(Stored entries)
__________________________________________________

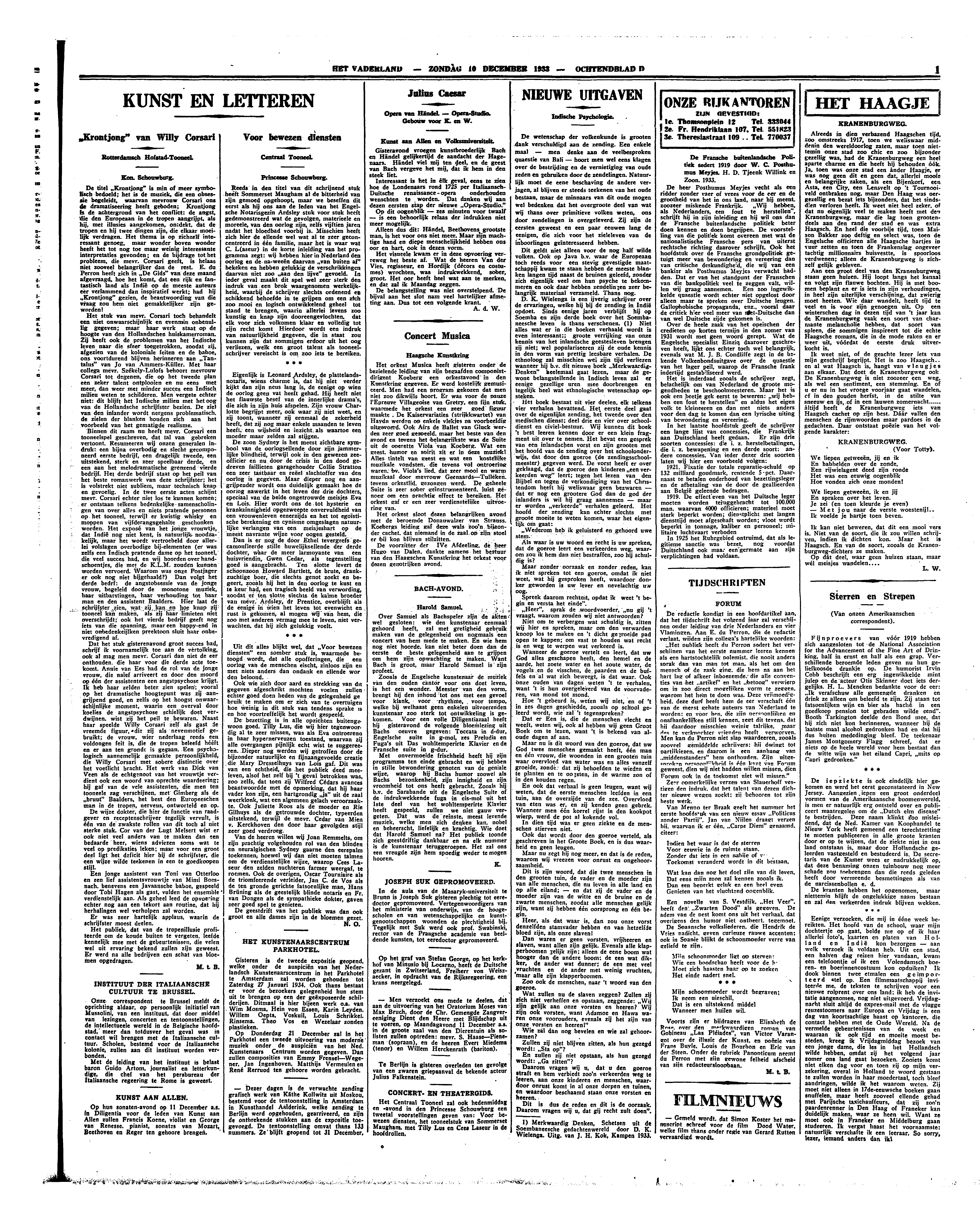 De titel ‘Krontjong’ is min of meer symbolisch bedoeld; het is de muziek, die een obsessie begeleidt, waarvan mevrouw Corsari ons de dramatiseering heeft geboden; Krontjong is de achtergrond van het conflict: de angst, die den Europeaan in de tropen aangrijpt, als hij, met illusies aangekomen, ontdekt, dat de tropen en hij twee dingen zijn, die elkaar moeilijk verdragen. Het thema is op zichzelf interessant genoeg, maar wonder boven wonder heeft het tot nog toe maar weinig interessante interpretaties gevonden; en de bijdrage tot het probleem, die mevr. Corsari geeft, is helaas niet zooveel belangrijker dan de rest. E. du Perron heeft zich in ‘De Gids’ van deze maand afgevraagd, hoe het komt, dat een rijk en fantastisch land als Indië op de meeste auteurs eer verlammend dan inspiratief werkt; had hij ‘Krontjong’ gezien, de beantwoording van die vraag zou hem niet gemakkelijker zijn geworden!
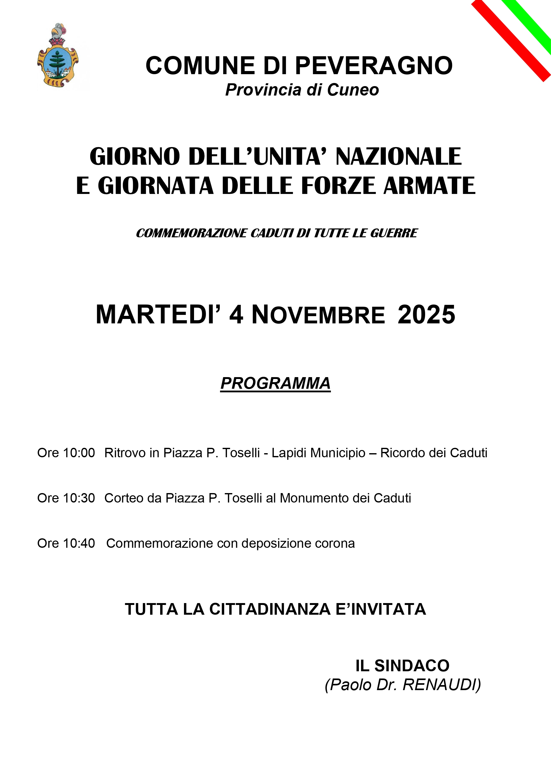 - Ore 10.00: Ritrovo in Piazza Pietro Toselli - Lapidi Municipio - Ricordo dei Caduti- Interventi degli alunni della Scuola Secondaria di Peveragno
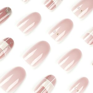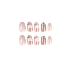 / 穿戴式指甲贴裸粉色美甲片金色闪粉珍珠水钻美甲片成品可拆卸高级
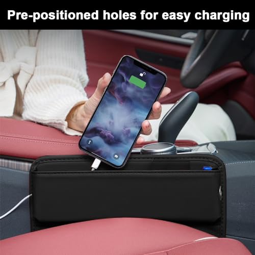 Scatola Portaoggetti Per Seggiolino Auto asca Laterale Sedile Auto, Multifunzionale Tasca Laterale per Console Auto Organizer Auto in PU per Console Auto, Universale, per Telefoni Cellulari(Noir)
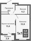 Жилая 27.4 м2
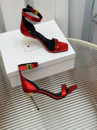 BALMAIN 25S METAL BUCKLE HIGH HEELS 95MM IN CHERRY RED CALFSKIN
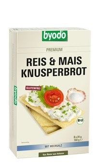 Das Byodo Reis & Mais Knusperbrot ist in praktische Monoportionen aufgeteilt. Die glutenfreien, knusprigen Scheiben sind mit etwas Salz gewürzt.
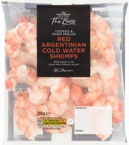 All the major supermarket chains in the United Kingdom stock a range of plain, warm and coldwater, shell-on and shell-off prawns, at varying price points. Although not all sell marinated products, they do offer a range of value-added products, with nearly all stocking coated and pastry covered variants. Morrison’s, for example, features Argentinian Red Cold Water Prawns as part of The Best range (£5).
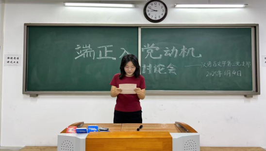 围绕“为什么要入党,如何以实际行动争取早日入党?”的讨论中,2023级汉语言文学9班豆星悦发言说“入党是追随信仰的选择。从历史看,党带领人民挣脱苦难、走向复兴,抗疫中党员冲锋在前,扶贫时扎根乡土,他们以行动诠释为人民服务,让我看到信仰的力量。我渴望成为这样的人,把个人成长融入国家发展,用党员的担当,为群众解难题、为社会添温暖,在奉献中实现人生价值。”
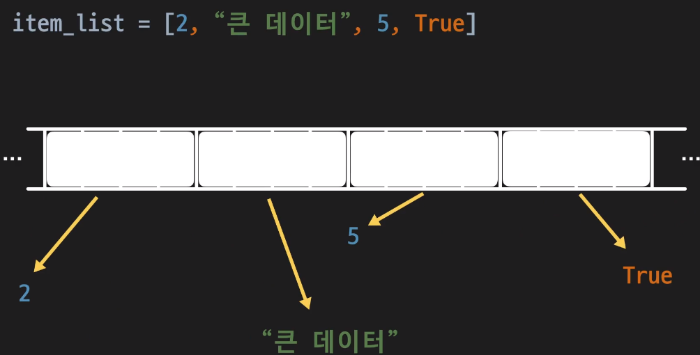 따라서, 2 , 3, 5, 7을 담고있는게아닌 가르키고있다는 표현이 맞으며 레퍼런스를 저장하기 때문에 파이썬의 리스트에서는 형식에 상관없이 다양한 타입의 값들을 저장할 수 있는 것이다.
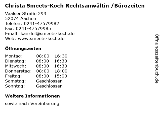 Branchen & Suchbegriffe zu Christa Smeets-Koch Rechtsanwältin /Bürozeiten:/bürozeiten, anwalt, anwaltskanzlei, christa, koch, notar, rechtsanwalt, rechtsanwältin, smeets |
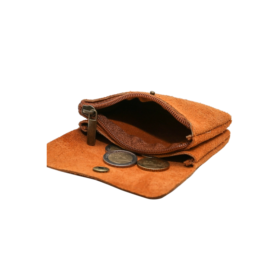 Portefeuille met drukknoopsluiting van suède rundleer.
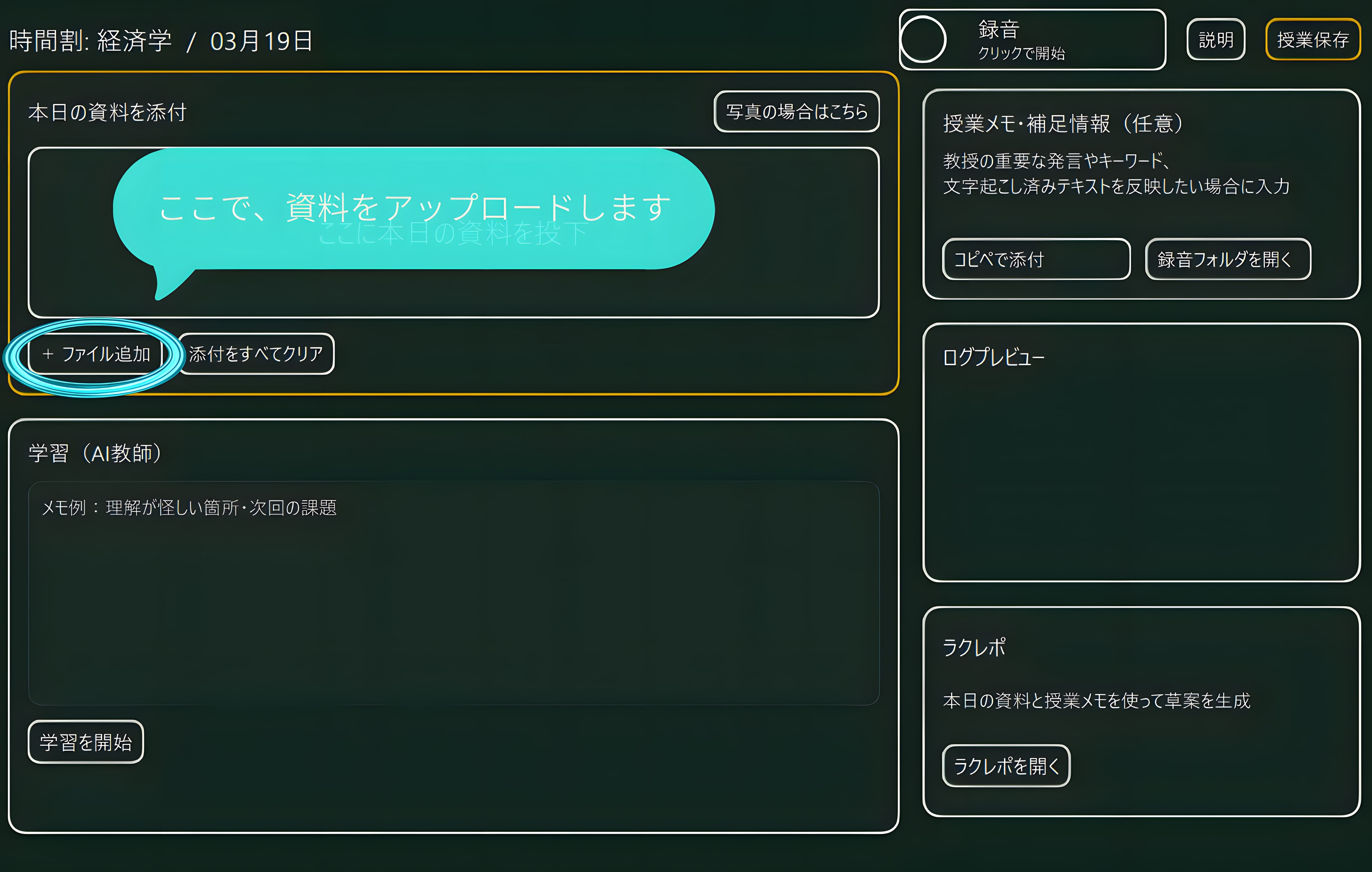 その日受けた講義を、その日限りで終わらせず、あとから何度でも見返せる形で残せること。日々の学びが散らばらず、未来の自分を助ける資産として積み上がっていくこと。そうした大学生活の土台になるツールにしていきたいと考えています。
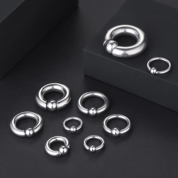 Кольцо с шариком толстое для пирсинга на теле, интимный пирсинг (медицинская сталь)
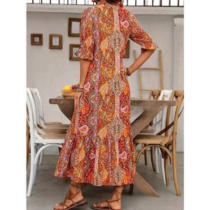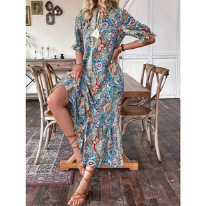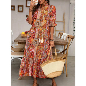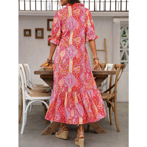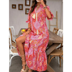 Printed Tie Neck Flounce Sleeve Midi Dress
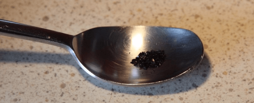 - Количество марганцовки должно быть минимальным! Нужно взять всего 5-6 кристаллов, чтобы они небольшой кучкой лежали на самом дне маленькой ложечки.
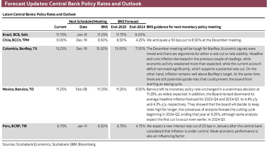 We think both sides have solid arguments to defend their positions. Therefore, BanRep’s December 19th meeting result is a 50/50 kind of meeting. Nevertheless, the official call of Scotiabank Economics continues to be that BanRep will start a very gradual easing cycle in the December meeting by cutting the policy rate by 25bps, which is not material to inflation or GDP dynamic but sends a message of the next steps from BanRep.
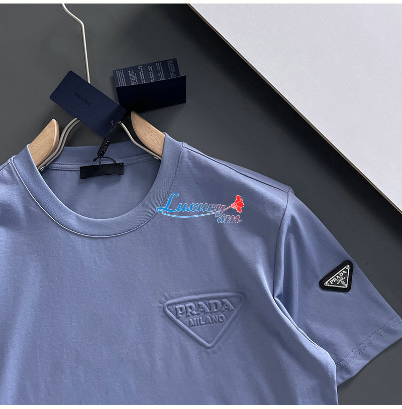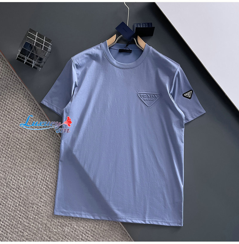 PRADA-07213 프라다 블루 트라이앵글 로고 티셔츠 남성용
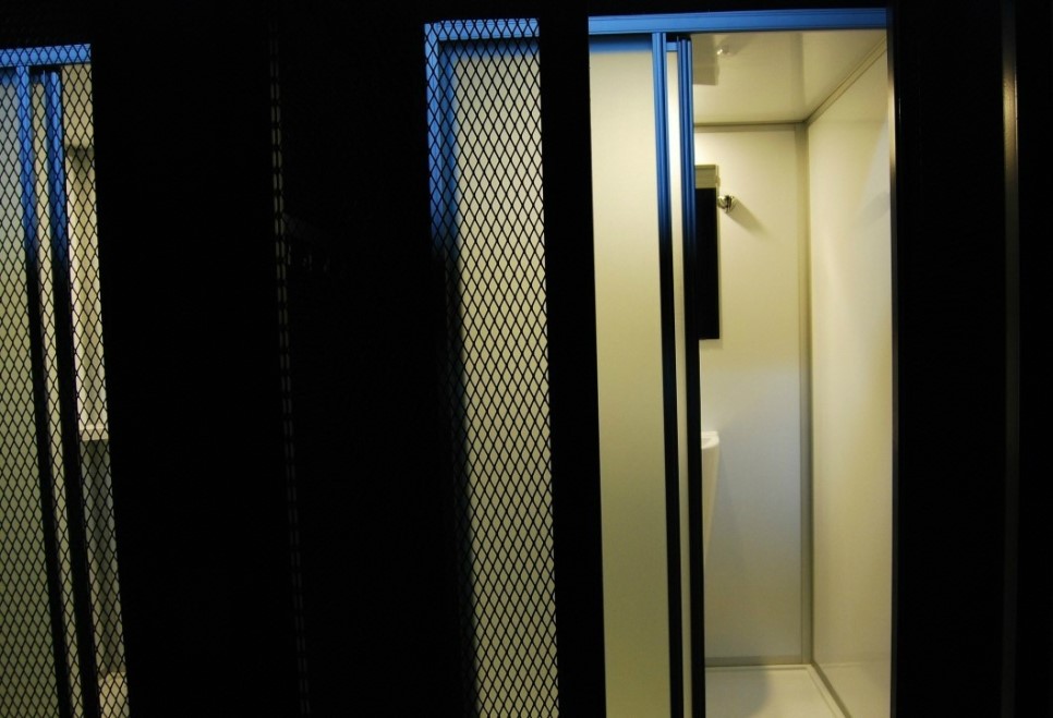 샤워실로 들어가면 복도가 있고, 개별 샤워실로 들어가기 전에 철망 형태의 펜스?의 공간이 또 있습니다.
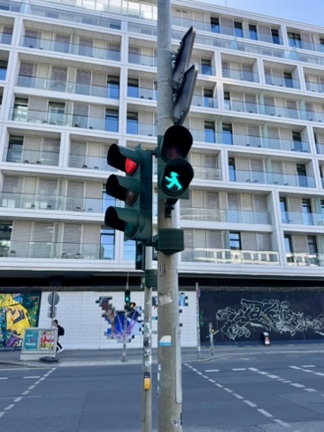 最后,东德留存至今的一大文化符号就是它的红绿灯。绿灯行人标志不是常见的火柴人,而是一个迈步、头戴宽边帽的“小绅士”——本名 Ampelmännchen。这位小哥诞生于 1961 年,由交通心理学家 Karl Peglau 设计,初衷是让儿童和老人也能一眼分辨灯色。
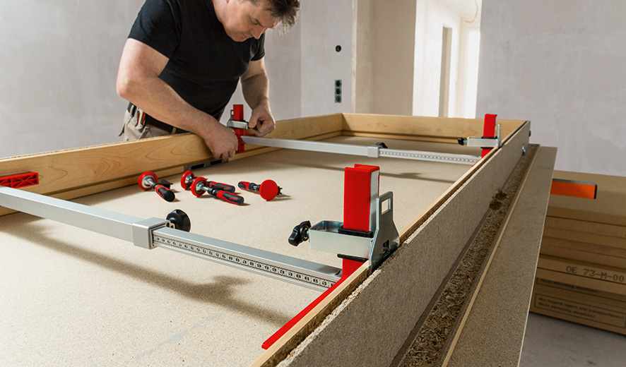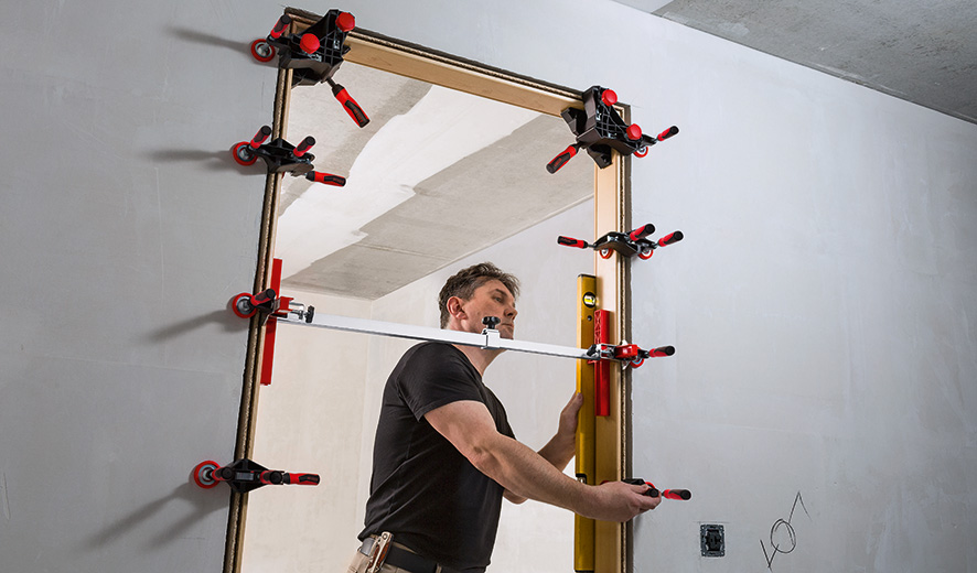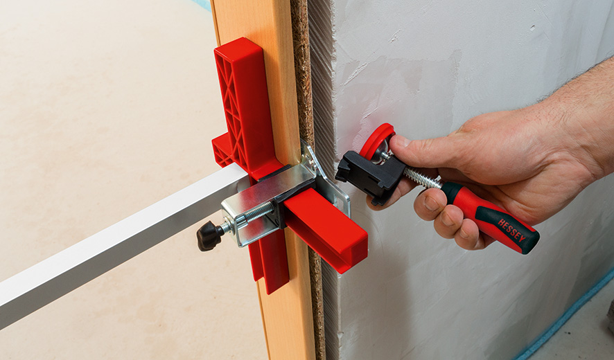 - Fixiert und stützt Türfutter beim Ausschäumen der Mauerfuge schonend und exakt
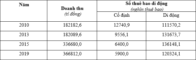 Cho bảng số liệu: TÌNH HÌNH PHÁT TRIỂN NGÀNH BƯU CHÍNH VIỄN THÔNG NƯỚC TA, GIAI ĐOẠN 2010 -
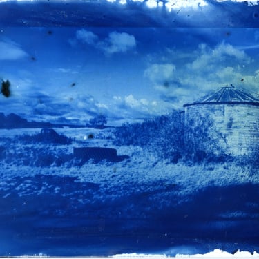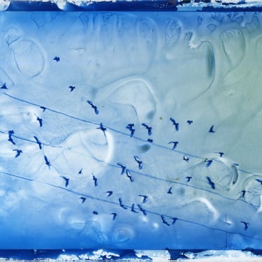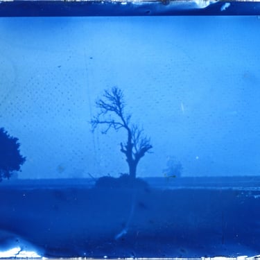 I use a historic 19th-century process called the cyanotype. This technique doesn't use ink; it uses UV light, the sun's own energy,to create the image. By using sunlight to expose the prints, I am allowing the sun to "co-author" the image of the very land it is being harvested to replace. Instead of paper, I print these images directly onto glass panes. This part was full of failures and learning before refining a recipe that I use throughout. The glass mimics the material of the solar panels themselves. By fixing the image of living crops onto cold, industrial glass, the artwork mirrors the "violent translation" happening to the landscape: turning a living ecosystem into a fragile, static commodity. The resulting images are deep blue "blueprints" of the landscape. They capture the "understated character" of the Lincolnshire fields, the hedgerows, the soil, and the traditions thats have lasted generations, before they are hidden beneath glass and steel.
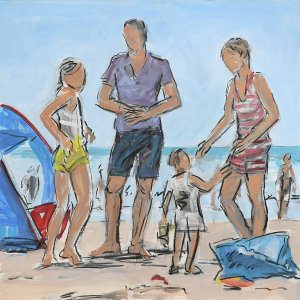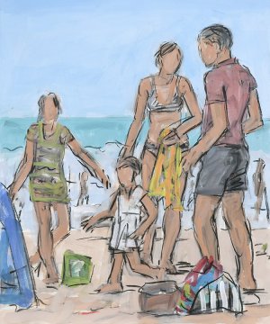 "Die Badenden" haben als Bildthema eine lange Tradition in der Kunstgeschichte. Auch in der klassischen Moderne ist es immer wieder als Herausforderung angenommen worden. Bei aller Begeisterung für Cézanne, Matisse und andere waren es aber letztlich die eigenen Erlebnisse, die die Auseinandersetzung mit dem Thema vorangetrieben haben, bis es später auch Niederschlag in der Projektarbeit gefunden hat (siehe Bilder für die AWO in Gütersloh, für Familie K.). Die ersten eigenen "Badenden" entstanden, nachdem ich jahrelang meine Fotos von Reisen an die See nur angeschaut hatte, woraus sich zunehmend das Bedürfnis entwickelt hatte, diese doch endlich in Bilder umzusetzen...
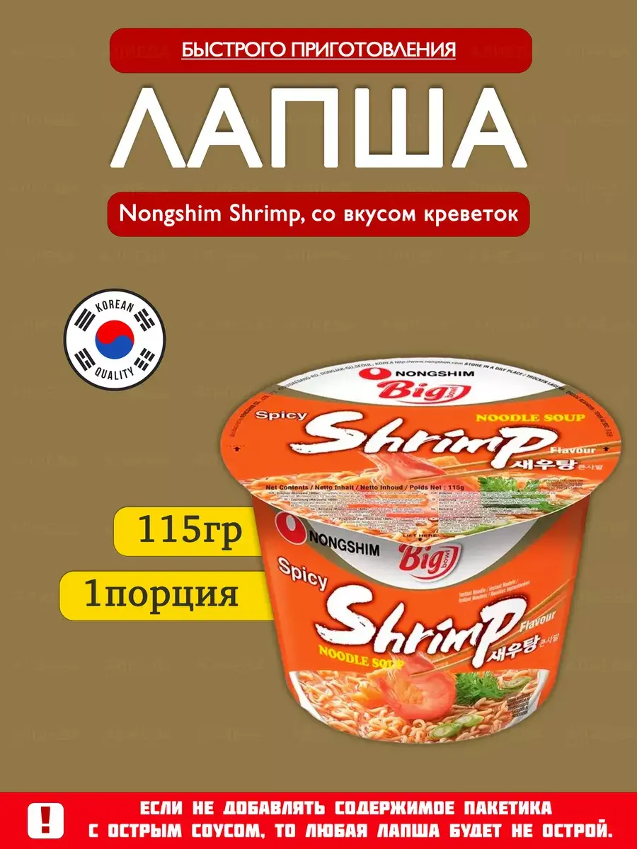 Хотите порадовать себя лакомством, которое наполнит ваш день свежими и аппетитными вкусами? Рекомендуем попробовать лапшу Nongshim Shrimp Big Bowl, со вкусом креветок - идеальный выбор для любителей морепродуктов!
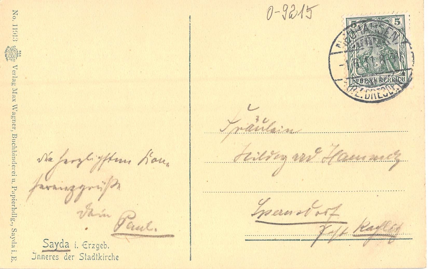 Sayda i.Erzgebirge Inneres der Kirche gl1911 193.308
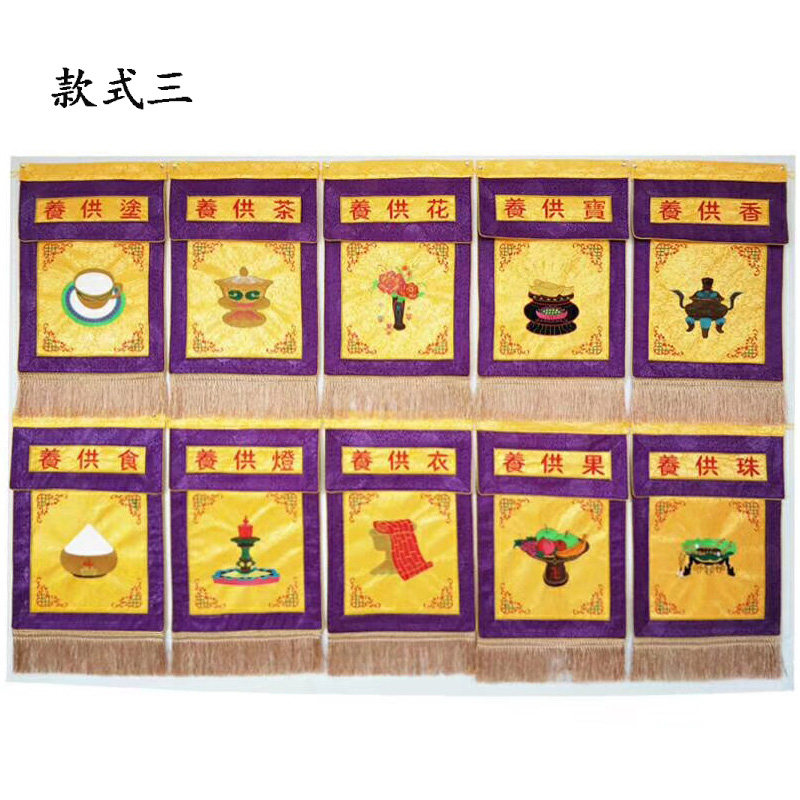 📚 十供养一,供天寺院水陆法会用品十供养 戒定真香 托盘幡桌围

__________________________________________________

GOAL OF THE EXERCISE: Within the data above, repeat exactly the lines from the one bearing "PRADA-07213 프라다 블루 트라이앵글 로고 티셔츠 남성용" through the one bearing "Cho bảng số". Include no pictures and nothing else.

ANSWER BOX:
 PRADA-07213 프라다 블루 트라이앵글 로고 티셔츠 남성용
 샤워실로 들어가면 복도가 있고, 개별 샤워실로 들어가기 전에 철망 형태의 펜스?의 공간이 또 있습니다.
 最后,东德留存至今的一大文化符号就是它的红绿灯。绿灯行人标志不是常见的火柴人,而是一个迈步、头戴宽边帽的“小绅士”——本名 Ampelmännchen。这位小哥诞生于 1961 年,由交通心理学家 Karl Peglau 设计,初衷是让儿童和老人也能一眼分辨灯色。
 - Fixiert und stützt Türfutter beim Ausschäumen der Mauerfuge schonend und exakt
 Cho bảng số liệu: TÌNH HÌNH PHÁT TRIỂN NGÀNH BƯU CHÍNH VIỄN THÔNG NƯỚC TA, GIAI ĐOẠN 2010 -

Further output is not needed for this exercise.